Globes, Arik Mirowski, 16.03.2021
After a third consecutive increase at a monthly rate of 0.9% - the housing price index is rapidly moving from a state of increase to takeoff. And the most surprising thing about this issue is that against the background of the burning that has taken place in recent months in the housing market - this takeoff is not surprising.
Although the CBS mentions the annual increase in housing prices , which reaches 4.3%, this is a figure that is irrelevant to this period, which is half of the time before the first closure of the Corona and the one after it. In the eight months between May and December, the housing price index rose by Of 4.5% - a level that reflects annual increases of almost 7%, which is not seen here for about 6 years.
As stated - no one is surprised and should not be surprised by the data because the address was engraved in the tens of thousands of sales contracts signed in recent months. The amount of transactions made in the eight months from the exit from the first closure until January 2021 is not remembered in the market not only in recent years, but also in the peak years of rising house prices. An average of more than ten thousand apartments sold per month, did not exist in 2009 and 2010 either.

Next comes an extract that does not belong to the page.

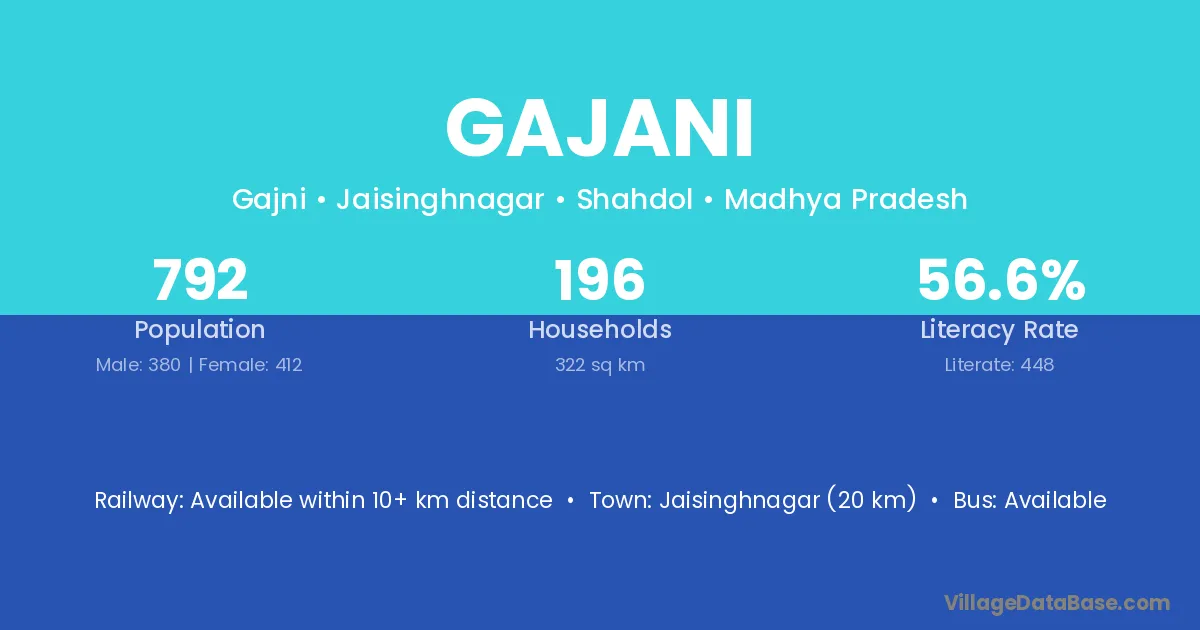 Tindwari (6 km) is the nearest town to Gajani village for major economic activities and is located approximately 6 km away.

The market is run in a strange way
Who is the area that pulls up apartment prices on the way up? Not who you think. It is precisely the Northern District that has raised the most in apartment prices since the end of the first closure. Prices rose by no less than 5.3%; It is followed by the districts of the national capital and the economic capital of Israel - Jerusalem and Tel Aviv, whose housing price indices rose by 4.7%. Below the overall national average of 4.5% are the Central District, which recorded an increase of 4.3%, the Southern District, which raised prices by 3.3%, and the Haifa District, which recorded the lowest increase during this period, at 3%.
Is there an explanation for this strange ranking? Honestly no. Because the market is not only hot during this period, it is run in a strange way, which has not been remembered for many years, in terms of the mix of transactions carried out in it, and first and foremost the reference to the Tel Aviv area.
Already last year we discussed the phenomenon, that while the market is burning in terms of the number of transactions carried out in it - the Israeli real estate capital is frozen, and the Tel Aviv district actually recorded a severe slump .
It turns out that this trend continued in January this year and according to the Chief Economist's survey published earlier this week, the Tel Aviv district experienced a slump in transactions, the like of which experienced only in the first months of the global financial crisis, in late 2008 and early 2009. . However, as stated, the fact that there is a slump in the number of transactions does not prevent Tel Aviv from recording respectable price increases, which indicates that apartment owners are not stressed.
Another issue that stands out is the fading impact of a occupant price plan on the new housing market. Moshe Kahlon's flagship program lives today on fuel fumes of projects that receive late building permits. If several months ago, 40% and more of the new dwellings surveyed in the price range of new dwellings were price-per-tenant dwellings, in recent months they have shrunk to the order of 30%, while this index also recorded a significant increase.
The end is not in sight
We do not seem to have reached the end of the price increases of the Corona Age. On the contrary - the conditions seem ideal for further increases. The first of these is political instability. Although next week we will stand at the polls again, but even if some political decision is made - which does not seem certain at all - it is difficult to see a stable government being formed in its wake; When there is political instability - apartment prices rise.
Another factor is the interest rates on mortgages that have fallen and may even fall again, following the pressure exerted by the Bank of Israel on mortgage banks. The end of the "price per occupant" did not bring the young couples home, as might have been expected, but made them look for apartments in the free market, while taking out higher mortgages than before.
Finally, the investors who returned after lowering the purchase tax of Finance Minister Israel Katz are quickly returning to their market proportions from before the Moshe Kahlon era, which made sure to exclude them by raising taxes.